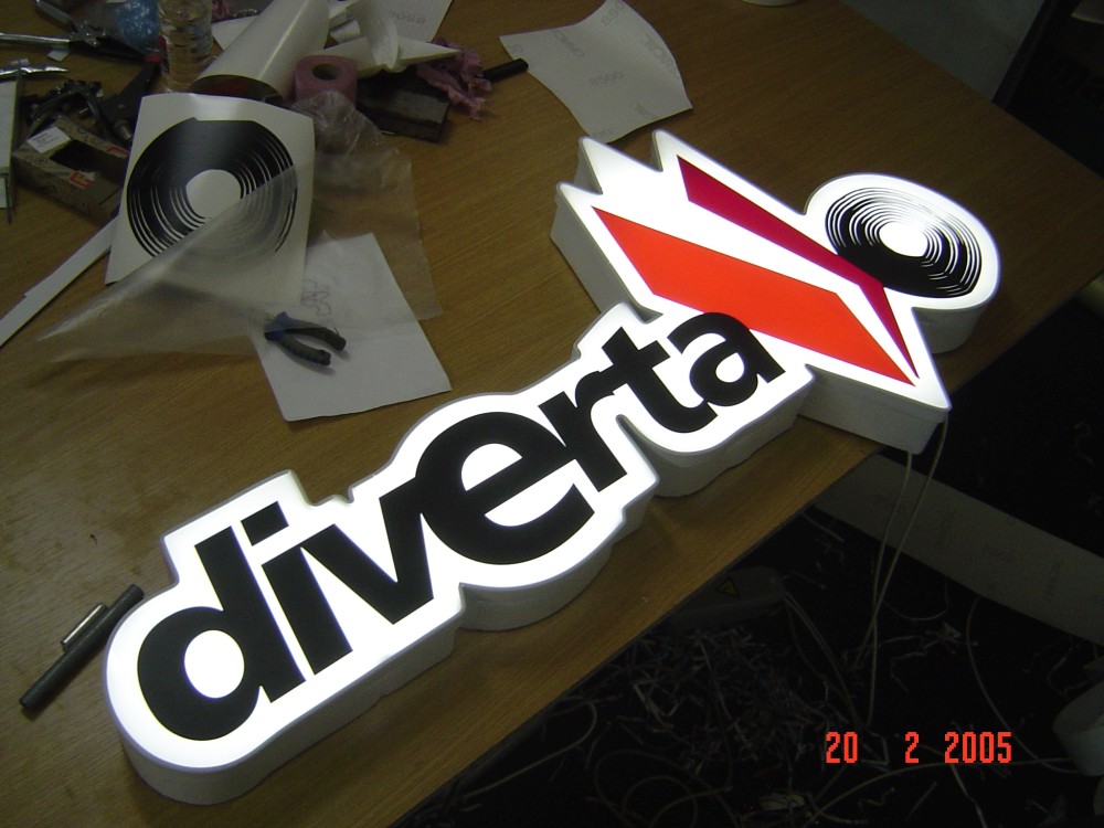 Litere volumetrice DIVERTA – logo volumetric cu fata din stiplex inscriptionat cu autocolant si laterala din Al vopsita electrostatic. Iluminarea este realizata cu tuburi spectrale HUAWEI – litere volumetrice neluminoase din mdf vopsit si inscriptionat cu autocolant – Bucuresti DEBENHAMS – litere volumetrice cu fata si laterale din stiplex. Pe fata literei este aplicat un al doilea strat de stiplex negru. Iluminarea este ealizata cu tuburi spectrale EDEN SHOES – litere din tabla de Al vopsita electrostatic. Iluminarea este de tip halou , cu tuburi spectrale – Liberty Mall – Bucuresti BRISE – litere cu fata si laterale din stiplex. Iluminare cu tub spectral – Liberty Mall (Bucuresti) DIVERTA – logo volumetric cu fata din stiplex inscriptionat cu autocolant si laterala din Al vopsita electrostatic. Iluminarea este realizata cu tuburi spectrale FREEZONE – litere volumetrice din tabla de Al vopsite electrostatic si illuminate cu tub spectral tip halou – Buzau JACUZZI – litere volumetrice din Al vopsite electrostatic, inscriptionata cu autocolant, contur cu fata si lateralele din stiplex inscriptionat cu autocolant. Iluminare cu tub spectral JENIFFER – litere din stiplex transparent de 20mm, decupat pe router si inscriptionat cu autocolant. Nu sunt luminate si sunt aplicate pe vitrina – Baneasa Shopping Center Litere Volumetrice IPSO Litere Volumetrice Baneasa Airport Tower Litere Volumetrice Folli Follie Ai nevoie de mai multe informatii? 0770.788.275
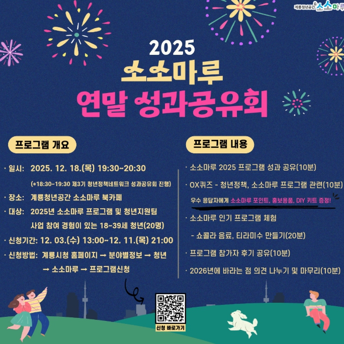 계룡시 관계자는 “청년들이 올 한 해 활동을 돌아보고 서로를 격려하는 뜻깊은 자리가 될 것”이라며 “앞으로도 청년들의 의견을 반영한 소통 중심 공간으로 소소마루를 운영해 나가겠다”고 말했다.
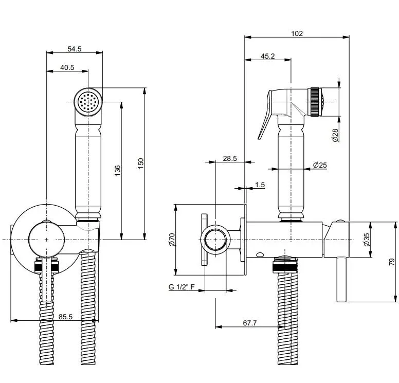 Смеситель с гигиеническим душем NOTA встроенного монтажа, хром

■ ■ ■ ■ ■

- TASK TO COMPLETE
Reproduce the listing word for word, but keep the pictures out of it.

- ANSWER TO THIS PROBLEM
 Litere volumetrice DIVERTA – logo volumetric cu fata din stiplex inscriptionat cu autocolant si laterala din Al vopsita electrostatic. Iluminarea este realizata cu tuburi spectrale HUAWEI – litere volumetrice neluminoase din mdf vopsit si inscriptionat cu autocolant – Bucuresti DEBENHAMS – litere volumetrice cu fata si laterale din stiplex. Pe fata literei este aplicat un al doilea strat de stiplex negru. Iluminarea este ealizata cu tuburi spectrale EDEN SHOES – litere din tabla de Al vopsita electrostatic. Iluminarea este de tip halou , cu tuburi spectrale – Liberty Mall – Bucuresti BRISE – litere cu fata si laterale din stiplex. Iluminare cu tub spectral – Liberty Mall (Bucuresti) DIVERTA – logo volumetric cu fata din stiplex inscriptionat cu autocolant si laterala din Al vopsita electrostatic. Iluminarea este realizata cu tuburi spectrale FREEZONE – litere volumetrice din tabla de Al vopsite electrostatic si illuminate cu tub spectral tip halou – Buzau JACUZZI – litere volumetrice din Al vopsite electrostatic, inscriptionata cu autocolant, contur cu fata si lateralele din stiplex inscriptionat cu autocolant. Iluminare cu tub spectral JENIFFER – litere din stiplex transparent de 20mm, decupat pe router si inscriptionat cu autocolant. Nu sunt luminate si sunt aplicate pe vitrina – Baneasa Shopping Center Litere Volumetrice IPSO Litere Volumetrice Baneasa Airport Tower Litere Volumetrice Folli Follie Ai nevoie de mai multe informatii? 0770.788.275
 계룡시 관계자는 “청년들이 올 한 해 활동을 돌아보고 서로를 격려하는 뜻깊은 자리가 될 것”이라며 “앞으로도 청년들의 의견을 반영한 소통 중심 공간으로 소소마루를 운영해 나가겠다”고 말했다.
 Смеситель с гигиеническим душем NOTA встроенного монтажа, хром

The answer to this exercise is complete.